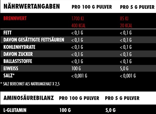 Prenez 5 à 10 g de glutamine, dissous dans n'importe quelle quantité de liquide, 1 à 2 fois par jour selon les besoins.
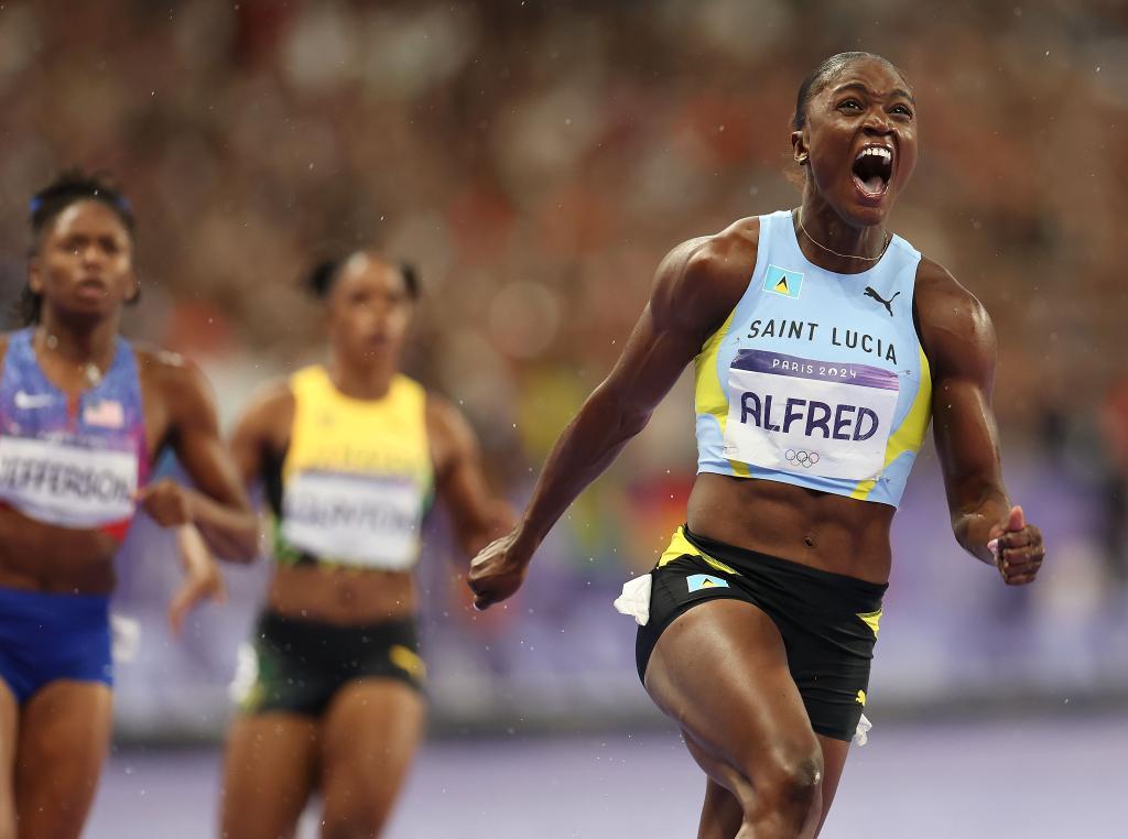 8月3日,圣卢西亚选手阿尔弗雷德在赛后庆祝。当日,巴黎奥运会田径女子100米决赛在法兰西体育场举行。圣卢西亚选手阿尔弗雷德获得冠军。新华社记者 李颖 摄
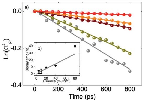Panel (a): the natural logarithm of the normalized squared plasma resonance is shown to demonstrate that the decay is well approximated by a single exponential curve (solid line). The colors follow the same legend as in Figure 3a. Panel (b): the value of each measured exponential decay time (black dots) is shown as a function of the Pump fluence and the behavior is empirically approximated by a linear best fit curve (grey solid line).
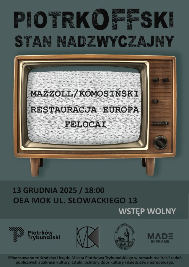 Wydarzenie artystyczne zainicjowało stowarzyszenie PiotrkOFF. Koncerty zagrają utalentowani przedstawiciele sceny lokalnej, czyli projekt Felocai oraz odważnie eksperymentujący goście z północnych stron Polski: wirtuoz klarnetu basowego Jerzy Mazzoll i kontrabasista Piotr Komosiński. Ponadto działanie performerskie przedstawi grupa Restauracja Europa – Stanisław Piotr Gajda i Marek Leszczyński.
☆ ☆ ☆
Could you retype every line above exactly as it appears, skipping the pictures?

Completed task:
 Prenez 5 à 10 g de glutamine, dissous dans n'importe quelle quantité de liquide, 1 à 2 fois par jour selon les besoins.
 8月3日,圣卢西亚选手阿尔弗雷德在赛后庆祝。当日,巴黎奥运会田径女子100米决赛在法兰西体育场举行。圣卢西亚选手阿尔弗雷德获得冠军。新华社记者 李颖 摄
Panel (a): the natural logarithm of the normalized squared plasma resonance is shown to demonstrate that the decay is well approximated by a single exponential curve (solid line). The colors follow the same legend as in Figure 3a. Panel (b): the value of each measured exponential decay time (black dots) is shown as a function of the Pump fluence and the behavior is empirically approximated by a linear best fit curve (grey solid line).
 Wydarzenie artystyczne zainicjowało stowarzyszenie PiotrkOFF. Koncerty zagrają utalentowani przedstawiciele sceny lokalnej, czyli projekt Felocai oraz odważnie eksperymentujący goście z północnych stron Polski: wirtuoz klarnetu basowego Jerzy Mazzoll i kontrabasista Piotr Komosiński. Ponadto działanie performerskie przedstawi grupa Restauracja Europa – Stanisław Piotr Gajda i Marek Leszczyński.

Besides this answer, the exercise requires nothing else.